There’s a tonne of amazing content out there from book reviews to pre-release info, to interviews, to discussions, to lists(!)

Here a few such things I’ve enjoyed this week:marlonjamesnyt

1. Imagine… The Seven Killings of Marlon James

I’d heard various interviews with Marlon James last year around the time A Brief History of Seven Killings won the Booker (I still haven’t read it but definitely want to!).  This documentary from the BBC is part James’ life and background and part the life of his novels – though it’s not so easy to separate them.

Mentioned in the documentary is an essay he published in the New York Times which is so worth a read:

From Jamaica to Minnesota to Myself 

Marlon James is wonderful to listen to.  Fascinating to hear of his personal experiences and how they have shaped his writing.  He speaks so frankly of being a young gay man, in an all-boys school, in a country racked with gang violence, and simultaneously entrenched in church culture.

A great watch if you’ve got a spare hour.  (Is there anything more wonderful than hearing an author read their own work?)

2. Virago: Changing the World One Page at a Time

Another BBC documentary this week, focusing on Virago Press, a publishing imprint started by a group of women to promote women’s writing.  This tracks Virago’s founding from an idea and a pitch for money, to present day where Virago is currently part of Little, Brown.

Featuring many of the key characters in Virago’s history, who are frank yet diplomatic about the challenges over the years.  There are also great inputs from some of their current authors Sarah Waters and Margaret Atwood.  A great history of the importance of women’s writing and how it has changed over the last few decades.

3. 12 Books to Read in Your 20s

This article in the New York Times says:

“There are far more worthy books than any of us will get to read in a lifetime.
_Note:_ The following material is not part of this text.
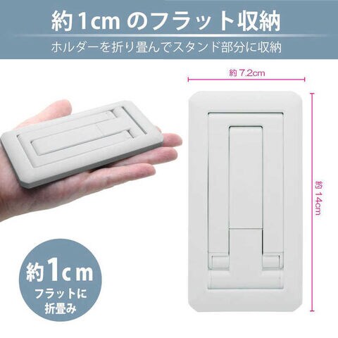 仕様1:サイズ:約7.2×14×1cm(収納時)    約7.2×14×15cm(展開時)重 量:約70g主な材質:プラスチック+シリコン対 応:約4.7~11インチ、厚さ 約1cmまでの機器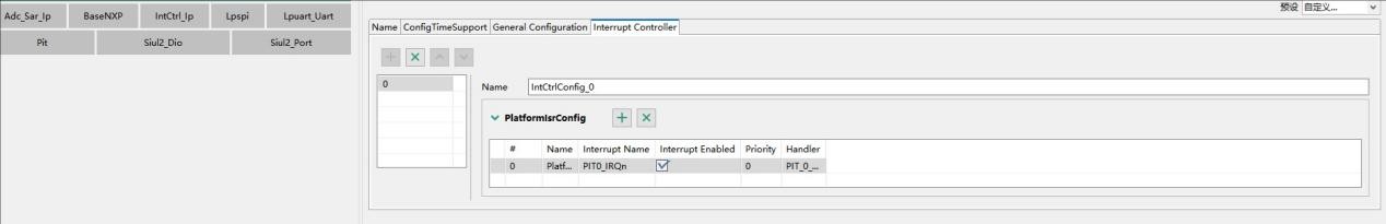 在全局中断模块IntCtrl_Ip中需要添加PIT0的CH0的使能:

So you better get cracking in your 20s, at the latest.”

Eek.  Better get on with it.  I’ve actually just bought the Dave Eggers, and am also hoping to read my first Zadie Smith and Toni Morrison soon…
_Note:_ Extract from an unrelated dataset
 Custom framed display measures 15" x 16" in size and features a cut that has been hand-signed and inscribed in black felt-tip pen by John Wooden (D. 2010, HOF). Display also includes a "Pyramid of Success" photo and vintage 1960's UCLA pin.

4. Having An Aspirational Home Library is Totally Normal

This piece from Slate asks: Is it tacky to display books you have no intention of reading?  I just found this pretty funny.

5. The Gone Girl With The Dragon Tattoo on the Train

I just like this.  We may not have reached the peak of books with ‘girl’ in the title.  It’s got books, it’s got stats, it’s geeky.  What’s not to love?

6. Naomi Alderman interview: The Power 

‘I went into the novel religious and by the end I wasn’t. I wrote myself out of it’

I enjoyed this interview in the Guardian with Books editor Claire Armitstead.  Read another review about The Power last week and putting it on my wishlist!

Hope you enjoy some or all of these!  If you’ve read/seen/listened to any good reviews or interviews or podcasts (or anything else vaguely bookish) please go ahead and link it 🙂  Any other recommendations?